◆ Task item: Your answer must restate the listing below word for word and contain no images.

·····

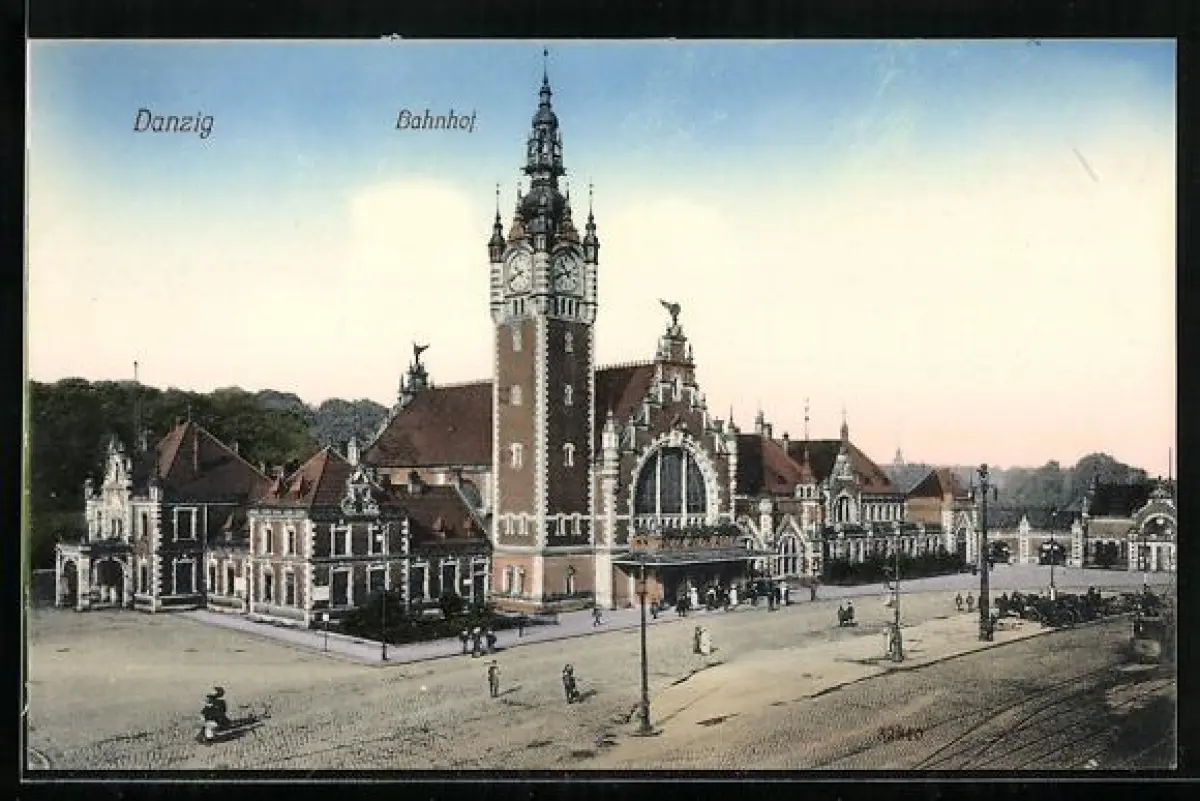 AK Danzig / Gdansk, Stadtpartie am Bahnhof
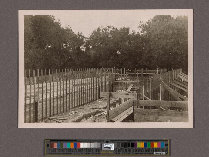Huntington Library Construction: view showing forms for the 30" wall of the Center Wing, looking north
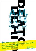 さらにまた、5月14日から5月18日まで、恵比寿リキッドルームの2階にあるKATAにて、AOKI takamasaとデザイナーのMAAとのデザイン・プロジェクト、〈A.M.〉の展示会が開かれる。開催中は、彼らの作品の展示のみならず、Tシャツの販売もあり。また、5月17日には、同所でアルバム『RV8』のリリース・パーティが開催される。
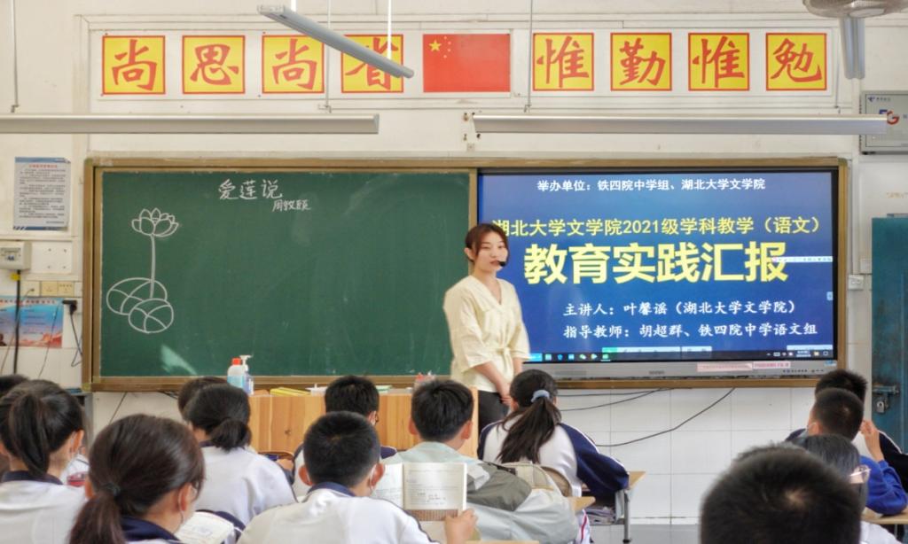 人间最美四月天,不负春光与时行。2023年4月18日上午,william威廉亚洲级学科教学(语文)教育实践汇报活动在武汉市铁四院中学顺利举行。主讲人叶馨谣在708班为大家带来了一堂别开生面的语文课《爱莲说》,william威廉亚洲邹福清副教授、王文娟老师,铁四院中学唐辉董事长、胡超群副董事长、陈华副董事长等人莅临观摩。
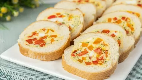 5. Охладите и нарежьте. Упакуйте наполненный багет в пленку и положите в холодильник для застывания. Как только он охладится, нарежьте его на порционные куски, и закуска готова к подаче!
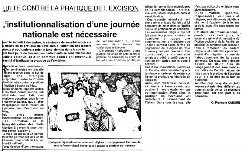 Lutte contre la pratique de l'excision : un bilan positif au Sanmatenga
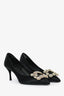 Roger Vivier Black Satin Crystal Buckle Heels Size 35
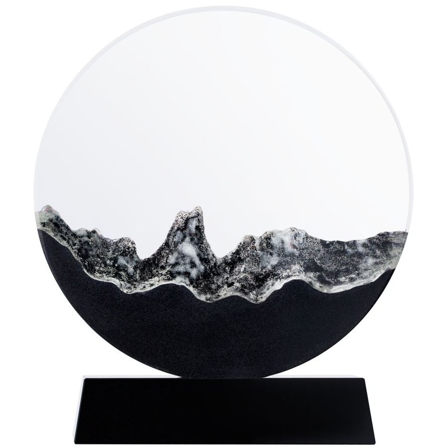 Стела Ridgeway — это уникальное сочетание современного дизайна, высококачественных материалов и особых технологий. Эта награда напомнит об уже пройденном пути и вдохновит на новые свершения. Особенно придется по вкусу работникам горной промышленности или геодезистам. Прозрачная круглая часть и черное основание стелы изготовлены из премиального стекла К9, в основе которого лежит оптическое боросиликатное стекло. Эту марку стекла отличает низкий процент посторонних включений, высокий показатель преломления и высокая прозрачность — идеальные качества для изготовления наград премиального уровня. Нижняя часть стелы выполнена при помощи каменного литья из смеси специальной смолы с кварцевым черным и белым песком, тщательно отшлифованной после спекания при низкой температуре. Такой технологический прием создает завораживающую картинку внутри самой стелы, напоминающую горный хребет: яркий символ как преодоления, так и умиротворения. Гора не кажется неприступной, если смотреть с ее вершины. Материал: стекло Размеры: 17,6х4х20,3 см; упаковка: 25,5х23,2х6,4 см
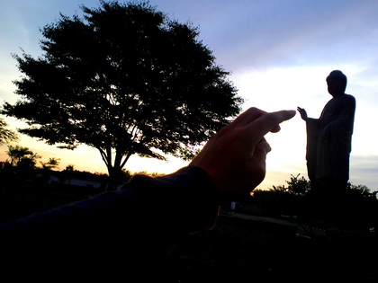 その大仏を見ながら、「距離」が離れているから「大きさ」がわからないからこそ面白いこともあるかもしれない…と寝ぼけ頭で思いました。そういうわけで、こんな写真を撮ってみました。「とても小さな大仏さまの掌に、指先で触れてみた」という写真です。薄暮の空の中に佇(たたず)む”小さな”大仏さまに、人差し指で触れてみたのです。
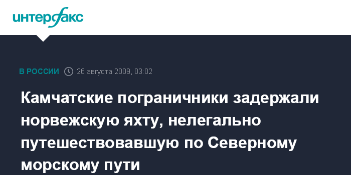 Петропавловск-Камчатский. 26 августа. ИНТЕРФАКС-ДАЛЬНИЙ ВОСТОК - Яхту "RX-2" под норвежским флагом задержали пограничники ПСКР "Нева" СВПУ береговой охраны ФСБ России 24 августа.
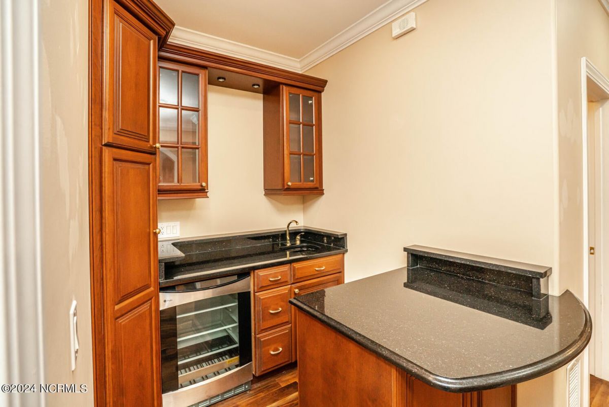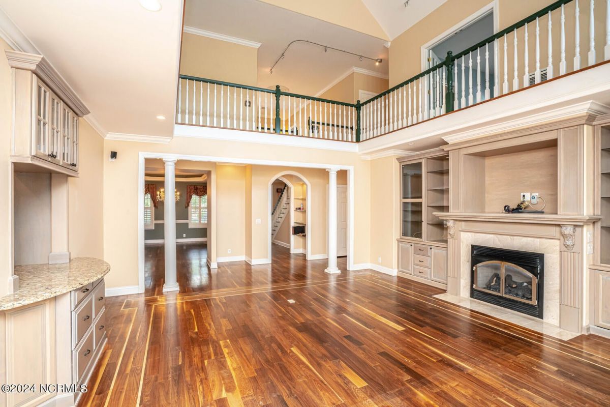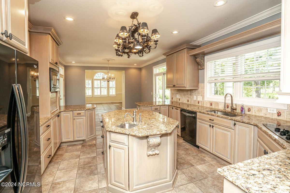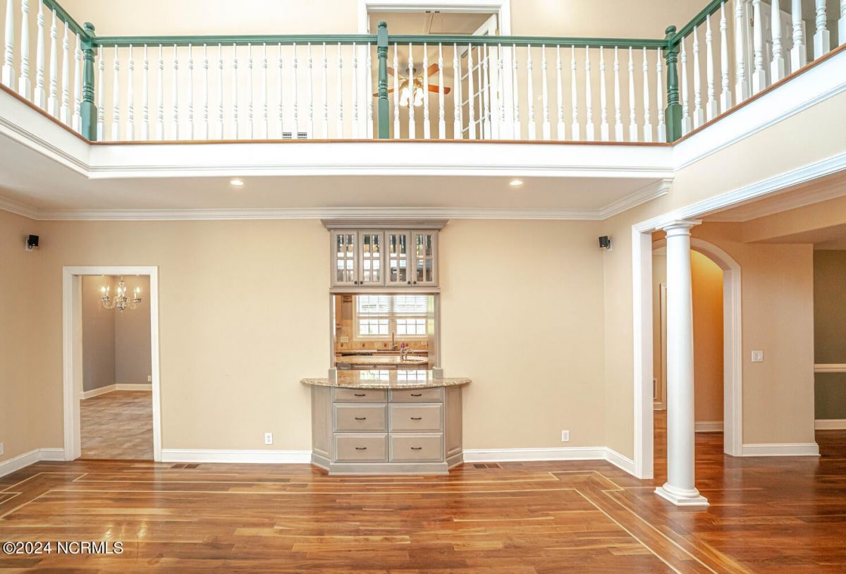 Stunning home nestled in a gorgeous southern setting on a rare .67/acre home site in Ocean Ridge Plantation. Drive up the beautiful tree-lined driveway and notice the covered low-country porch on the main and upper levels. This brick beauty built by award-winning Ernie Crews Construction welcomes guests and family alike with entertainment in mind. Upon entering, you immediately notice the beautifully detailed oak hardwoods flowing past the large formal dining room with the trey ceiling. The living room opens to the rear porch and the ceiling soars two stories high with the second floor balcony all-around allowing natural light to flood in. Built-in cabinetry flanking the marble faced fireplace provides a focal point to the living room area. Have your guests arrived? Set up your beverages at the granite mini-bar with a fridge. The kitchen has a huge pantry, custom cabinetry, an island, granite counters, tiled floors, and backsplash. Entry to rear porch and another 'living room' setting. The primary bedroom opens to the first floor porch with a large walk-in closet, the bath has dual vanities, a large soaker tub, and a tile stall shower. Worried about steps? No problem with the elevator up to and from the 2nd floor! Too many extras to list them all - oak hardwood floors, a well for the exterior lawn irrigation system, tons of storage closets including a huge unfinished bonus room with plaster boards, an encapsulated crawl space with a dehumidifier, 2-car garage with an additional work room, crown moulding throughout, a rinnai tankless water heater, several etched doors, and gorgeous exterior night lights. Ocean Ridge Plantation is widely regarded as the premier community in Southeastern NC. Ocean Ridge has something for everyone-4 golf courses, 2 golf clubhouses, a heated indoor pool, sauna, steam room, jacuzzi, fitness center, outdoor pool, pickleball courts, a nature pavilion, a community garden, over 65 social clubs, and a beach clubhouse on Sunset Beach!
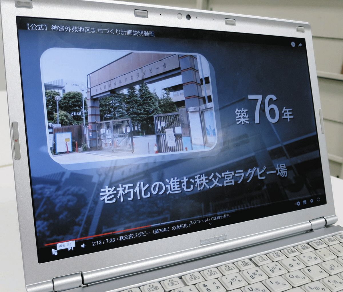 秩父宮ラグビー場について「築76年」と紹介する明治神宮外苑再開発計画の動画
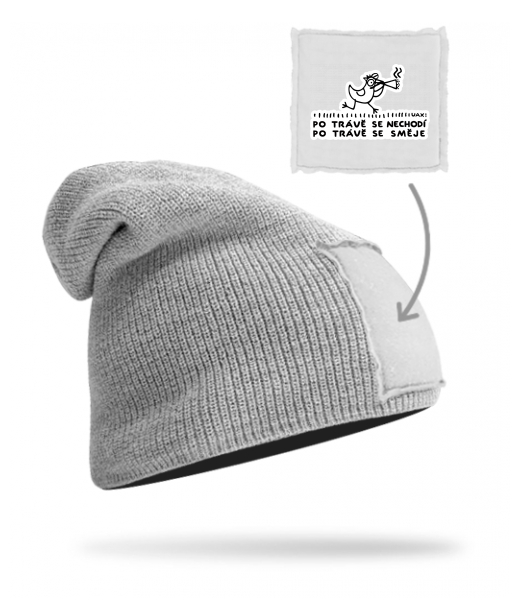 We make sustainable UAX clothing! - hand sewn in the Czech Republic uaxMen uaxAll productsHats and HeadbandsKNITTED HAT BEANIEdesign 1118 - PO TRÁVĚ SE SMĚJEGREY/WHITE

·····

◆ Task response:
 AK Danzig / Gdansk, Stadtpartie am Bahnhof
Huntington Library Construction: view showing forms for the 30" wall of the Center Wing, looking north
 さらにまた、5月14日から5月18日まで、恵比寿リキッドルームの2階にあるKATAにて、AOKI takamasaとデザイナーのMAAとのデザイン・プロジェクト、〈A.M.〉の展示会が開かれる。開催中は、彼らの作品の展示のみならず、Tシャツの販売もあり。また、5月17日には、同所でアルバム『RV8』のリリース・パーティが開催される。
 人间最美四月天,不负春光与时行。2023年4月18日上午,william威廉亚洲级学科教学(语文)教育实践汇报活动在武汉市铁四院中学顺利举行。主讲人叶馨谣在708班为大家带来了一堂别开生面的语文课《爱莲说》,william威廉亚洲邹福清副教授、王文娟老师,铁四院中学唐辉董事长、胡超群副董事长、陈华副董事长等人莅临观摩。
 5. Охладите и нарежьте. Упакуйте наполненный багет в пленку и положите в холодильник для застывания. Как только он охладится, нарежьте его на порционные куски, и закуска готова к подаче!
 Lutte contre la pratique de l'excision : un bilan positif au Sanmatenga
 Roger Vivier Black Satin Crystal Buckle Heels Size 35
 Стела Ridgeway — это уникальное сочетание современного дизайна, высококачественных материалов и особых технологий. Эта награда напомнит об уже пройденном пути и вдохновит на новые свершения. Особенно придется по вкусу работникам горной промышленности или геодезистам. Прозрачная круглая часть и черное основание стелы изготовлены из премиального стекла К9, в основе которого лежит оптическое боросиликатное стекло. Эту марку стекла отличает низкий процент посторонних включений, высокий показатель преломления и высокая прозрачность — идеальные качества для изготовления наград премиального уровня. Нижняя часть стелы выполнена при помощи каменного литья из смеси специальной смолы с кварцевым черным и белым песком, тщательно отшлифованной после спекания при низкой температуре. Такой технологический прием создает завораживающую картинку внутри самой стелы, напоминающую горный хребет: яркий символ как преодоления, так и умиротворения. Гора не кажется неприступной, если смотреть с ее вершины. Материал: стекло Размеры: 17,6х4х20,3 см; упаковка: 25,5х23,2х6,4 см
 その大仏を見ながら、「距離」が離れているから「大きさ」がわからないからこそ面白いこともあるかもしれない…と寝ぼけ頭で思いました。そういうわけで、こんな写真を撮ってみました。「とても小さな大仏さまの掌に、指先で触れてみた」という写真です。薄暮の空の中に佇(たたず)む”小さな”大仏さまに、人差し指で触れてみたのです。
 Петропавловск-Камчатский. 26 августа. ИНТЕРФАКС-ДАЛЬНИЙ ВОСТОК - Яхту "RX-2" под норвежским флагом задержали пограничники ПСКР "Нева" СВПУ береговой охраны ФСБ России 24 августа.
 Stunning home nestled in a gorgeous southern setting on a rare .67/acre home site in Ocean Ridge Plantation. Drive up the beautiful tree-lined driveway and notice the covered low-country porch on the main and upper levels. This brick beauty built by award-winning Ernie Crews Construction welcomes guests and family alike with entertainment in mind. Upon entering, you immediately notice the beautifully detailed oak hardwoods flowing past the large formal dining room with the trey ceiling. The living room opens to the rear porch and the ceiling soars two stories high with the second floor balcony all-around allowing natural light to flood in. Built-in cabinetry flanking the marble faced fireplace provides a focal point to the living room area. Have your guests arrived? Set up your beverages at the granite mini-bar with a fridge. The kitchen has a huge pantry, custom cabinetry, an island, granite counters, tiled floors, and backsplash. Entry to rear porch and another 'living room' setting. The primary bedroom opens to the first floor porch with a large walk-in closet, the bath has dual vanities, a large soaker tub, and a tile stall shower. Worried about steps? No problem with the elevator up to and from the 2nd floor! Too many extras to list them all - oak hardwood floors, a well for the exterior lawn irrigation system, tons of storage closets including a huge unfinished bonus room with plaster boards, an encapsulated crawl space with a dehumidifier, 2-car garage with an additional work room, crown moulding throughout, a rinnai tankless water heater, several etched doors, and gorgeous exterior night lights. Ocean Ridge Plantation is widely regarded as the premier community in Southeastern NC. Ocean Ridge has something for everyone-4 golf courses, 2 golf clubhouses, a heated indoor pool, sauna, steam room, jacuzzi, fitness center, outdoor pool, pickleball courts, a nature pavilion, a community garden, over 65 social clubs, and a beach clubhouse on Sunset Beach!
 秩父宮ラグビー場について「築76年」と紹介する明治神宮外苑再開発計画の動画
 We make sustainable UAX clothing! - hand sewn in the Czech Republic uaxMen uaxAll productsHats and HeadbandsKNITTED HAT BEANIEdesign 1118 - PO TRÁVĚ SE SMĚJEGREY/WHITE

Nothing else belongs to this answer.